The CAT activity was determined using a reaction mixture composed of 144 µL of phosphate buffer, 30 µL of water and 16 µL of hydrogen peroxide solution (50 mM). To determine CAT activity, the reaction mixture was added to 10 µL of protein extract, and the absorbance reading was performed for 10 min at intervals of 30 s at 240 nm using a chilled optical 96-well plate. To calculate CAT activity, the absorbance of samples was subtracted from the blank absorbance by the expression CAT = \(\frac{{{\text{dA }}.{ }0,0067}}{{{\text{T }}.{ }39,4{ }.{\text{ W }}}}\), in which dA = (initial absorbance–final absorbance), T = time of reaction, 39.4 mol cm−1 represents the molar extinction coefficient of hydrogen peroxide, and W = sample weight.
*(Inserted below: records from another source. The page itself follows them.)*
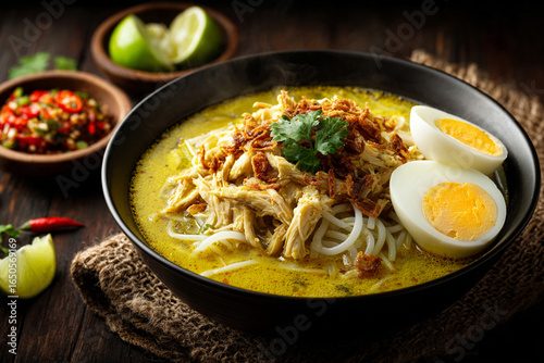 realistic steaming bowl of soto ayam Lamongan, yellow turmeric broth, shredded chicken, vermicelli, hard-boiled egg, fried shallots, side of sambal and lime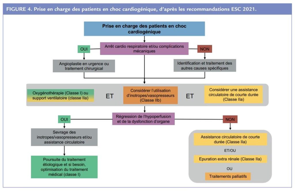 Managementul șocului cardiogen este o cursă contra cronometru și necesită o abordare rapidă și agresivă într-un mediu de terapie intensivă. Obiectivul principal este restabilirea perfuziei tisulare adecvate și stabilizarea funcției cardiace.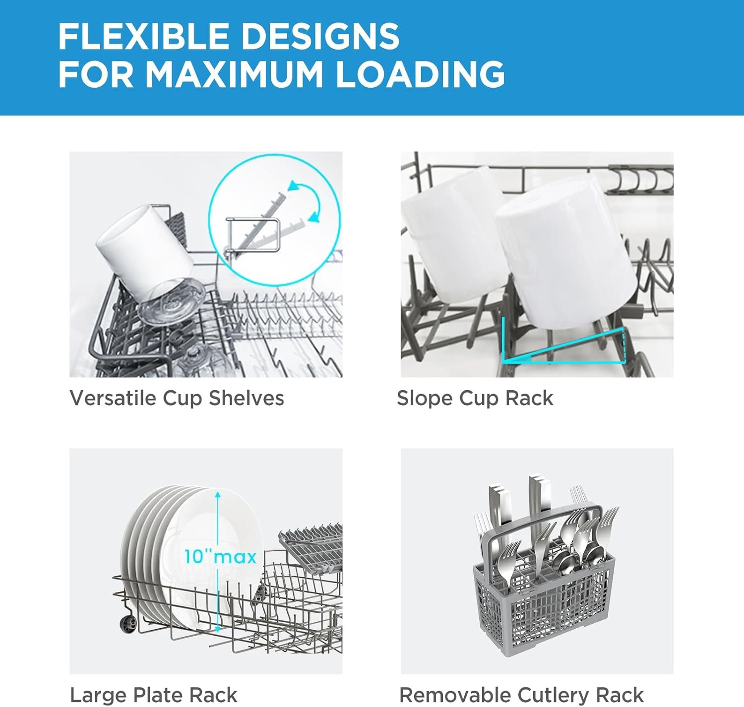 This countertop dishwasher is great; it cleans the dishes really well and itâs quiet too. It is big though, so measure your space beforehand! I like the ability to remove the silverware basket to accommodate larger pans and bowls. The upper racks are not very tall, but they work great for holding spatulas/utensils and cup lids. One drawback I have found is that even on the âExtended Dryâ cycle, plastic items donât get dry⦠but I can live with that.

The CAT specific activity is expressed in µmol H2O2/min/mg protein.

The APX activity was determined as described for CAT, and the reaction mixture was added to 10% (v/v) ascorbic acid solution (18 g/L). The molar extinction coefficient of ascorbic acid is 2.8 mol cm−1, and the absorbance was measured at 290 nm. As for CAT activity, APX activity is expressed in µmol ascorbate/min/mg protein.